On one hand, he bagged six league goals in his debut year, 22 fewer than he recorded in his final Bundesliga season. On the other, he was an assist machine and ended the year with 27 goal involvements in all competitions.
He has been a good player, but the fact that Chelsea had to chase a new goalscorer 12 months after signing him proves that Werner did not live up to expectations.
Lured over from Napoli alongside manager Maurizio Sarri, it was a rough start to life at Chelsea for Jorginho.
Seen as the boss’ favourite son, Jorginho attracted a lot of the blame for Chelsea’s uninspiring performances, and he wasn’t helped by the fact that Sarri refused to drop him.
Since Sarri’s departure, however, Jorginho has been excellent. Under Tuchel, he dominated en route to Champions League glory and is in the conversation for the 2021 Ballon d’Or.
Fernando Torres was doomed from the start. When he joined Chelsea in January 2011, he was already on the decline, but the Blues’ willingness to throw £50m at Liverpool to sign him raised the bar far too high.
Having said that, Torres fell very, very short.
To his credit, Torres worked incredibly hard for Chelsea and never gave up, despite missing sitter after sitter after sitter. He was abysmal in front of goal but gave his everything for the club.
He didn’t do too much for Chelsea, but his goal against Barcelona in the semi-final of the Champions League almost justified his whopper of a transfer fee. Almost.
Despite Chelsea’s determination to have you believe otherwise, Christian Pulisic was 100% brought over from Dortmund in 2019 as the replacement for the soon-to-be-departing Eden Hazard.
He joined up with the club that summer and spent his first season combining electric form with never-ending injury struggles. His highlight came after the first COVID-19 lockdown, when Pulisic spent a few months looking like the best player in England.
At this point, the jury is still out on Pulisic. He does a lot of fun stuff, but not as often as he probably should.
Verdict: Miss… just
Antonio Conte wanted a new striker after binning off Diego Costa because he was a little bit mental, and after the board failed to bring him Romelu Lukaku, he eventually settled on Alvaro Morata.
For a few months, the move looked like a stroke of genius. He had six goals in his first six league games and sat on ten by December, only to then manage just one more goal over the remainder of the season.
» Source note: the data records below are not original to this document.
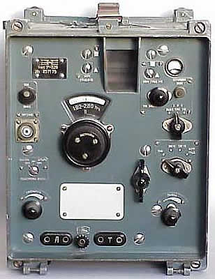 R-326 HF receiver (USSR)
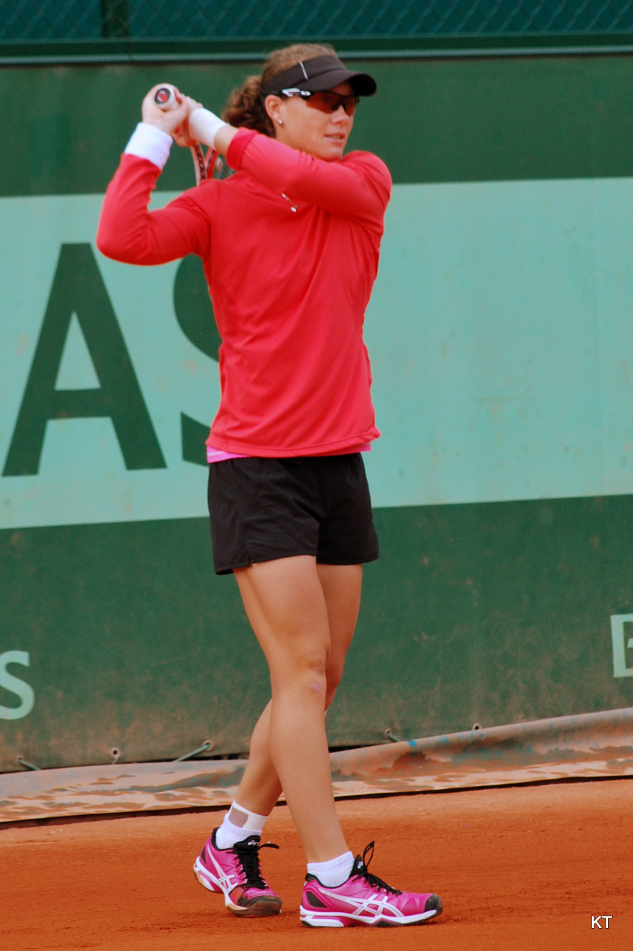 Sam Stosur practising before her 3rd round match with Nadia Petrova on Day 6 of the French Open. Roland Garros 2012.
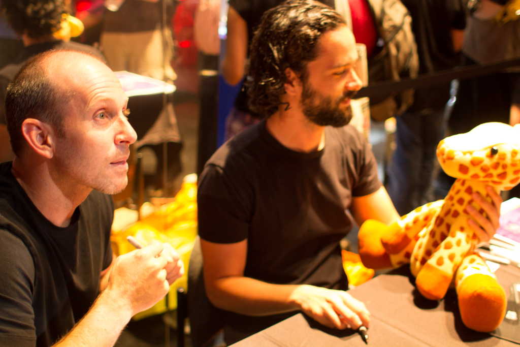 Bruce Straley and Neil Druckmann at PAX Prime 2014.
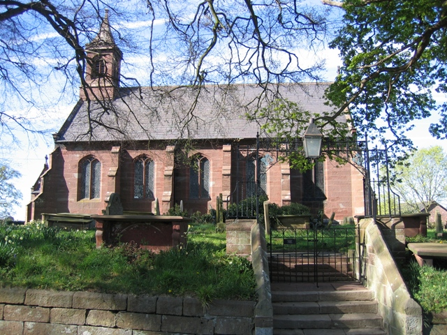 St Mary's parish church, Coddington, Cheshire, seen from the south
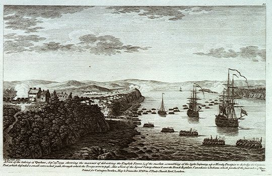 A View of the taking of Quebec, Septr 13th 1759. Shewing the Manner of debarking the English forces, & of the resolute scrambling of the light infantry, up a Woody precipice to dislodge the Captain's Post.
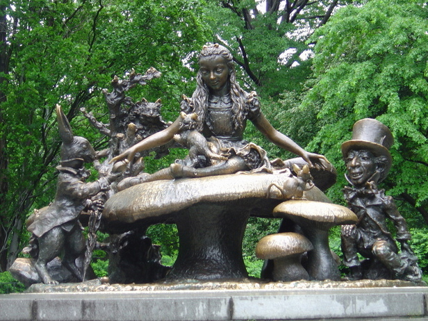 alice in wonderland sculpture in central park
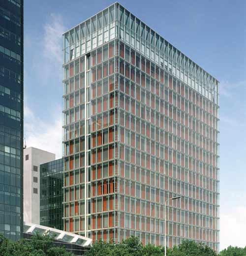 The Amsterdam World Trade Center

Injuries and a crippling lack of confidence saw Morata lose all ability to score goals, and Chelsea decided they could take no more than 18 months of him before loaning him to Atletico Madrid.
Verdict: Like every shot he took, it’s a miss
Kai Havertz moved to England at the worst time possible. Billed as the next big star of the Premier League, the young German took a little while to get settled in a new country and then contracted COVID-19, which continued to bother him for months and months.
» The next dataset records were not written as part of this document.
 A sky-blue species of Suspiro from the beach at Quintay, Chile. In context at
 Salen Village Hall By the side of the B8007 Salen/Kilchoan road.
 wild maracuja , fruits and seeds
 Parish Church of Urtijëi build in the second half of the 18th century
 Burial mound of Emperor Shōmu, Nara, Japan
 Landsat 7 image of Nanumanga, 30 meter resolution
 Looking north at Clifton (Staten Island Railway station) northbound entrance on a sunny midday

The ‘flop’ label was (understandably) being thrown at him, but he started to find his groove towards the end of his debut season… just in time to score the winner in the Champions League final.
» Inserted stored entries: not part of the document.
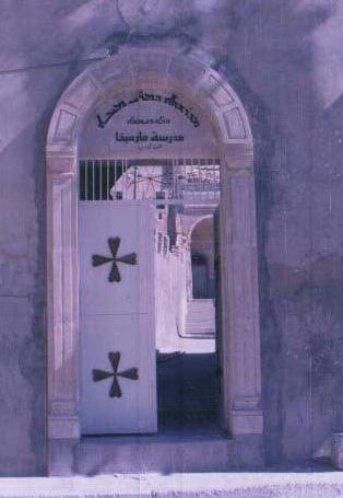 The Iraqi city of Alqosh, in Ninewa.
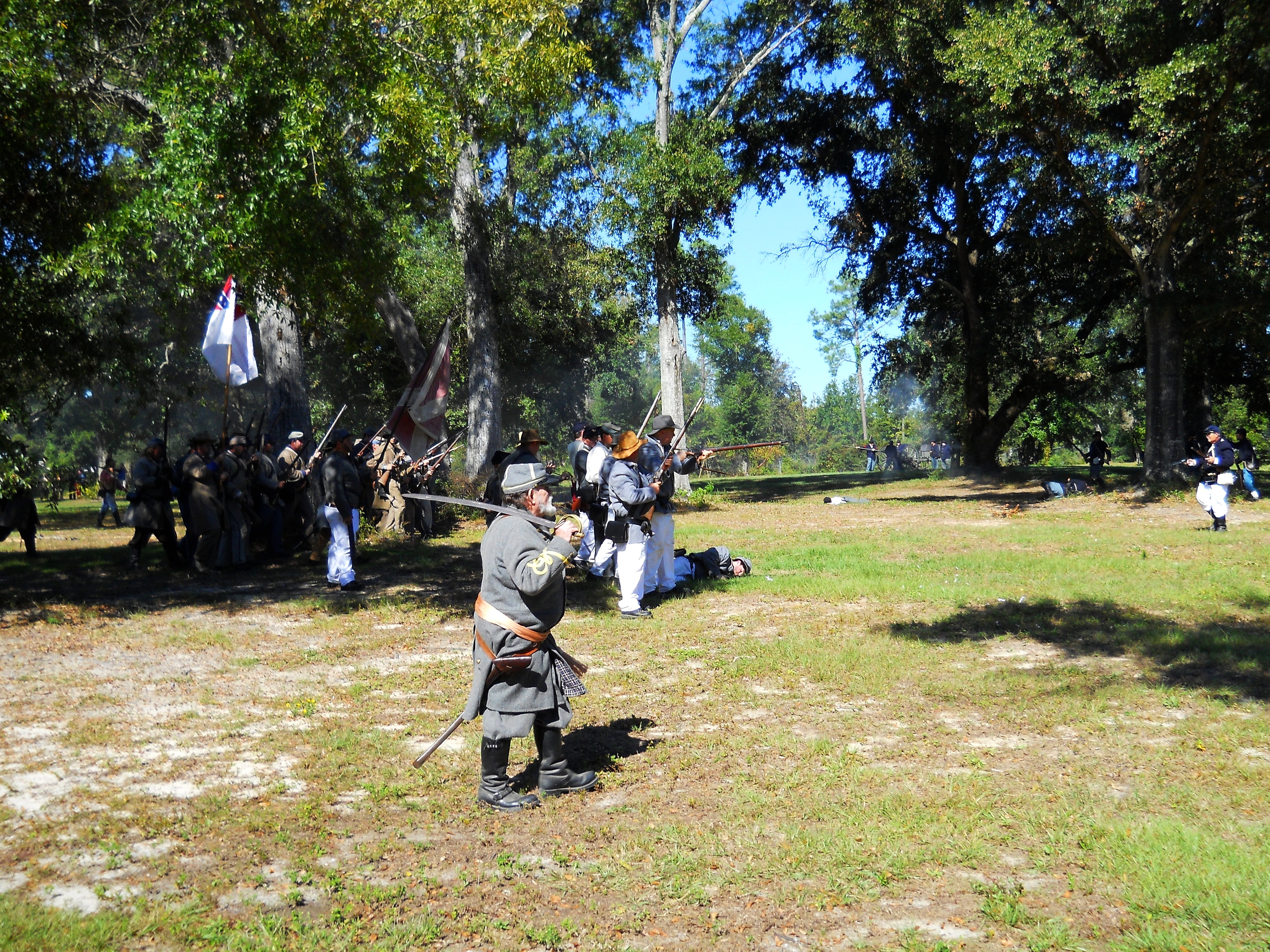 Reenactment of battle between Confederate and Union soldiers during Fall Muster at Beauvoir, Biloxi, Harrison County, Mississippi, USA.
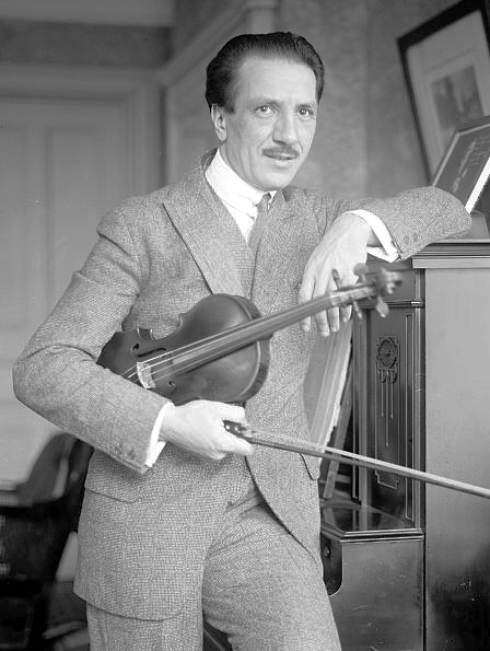 French violinist Jacques Thibaud (1880-1953), holding violin and bow, leaning against piano.

Chelsea fans know there is still a lot of room for improvement from Havertz, but thanks to his form towards the end of 2020/21, there are plenty of reasons to be confident.
Left panicking by Thibaut Courtois’ move to Real Madrid, Chelsea chose to trigger the £71.6m release clause of Kepa Arrizabalaga in 2018, making him the most expensive goalkeeper in history.
After a solid debut season, which brought us his infamous spat with Sarri, Kepa’s form plummeted to an ungodly low. 2019/20 yielded some of the worst goalkeeping statistics the Premier League has ever seen – it felt like every shot he faced went in.
Lampard was adamant that he needed replacing, and that’s exactly what happened as Edouard Mendy came in in 2020, dropped Kepa to the bench and went on to win the Champions League.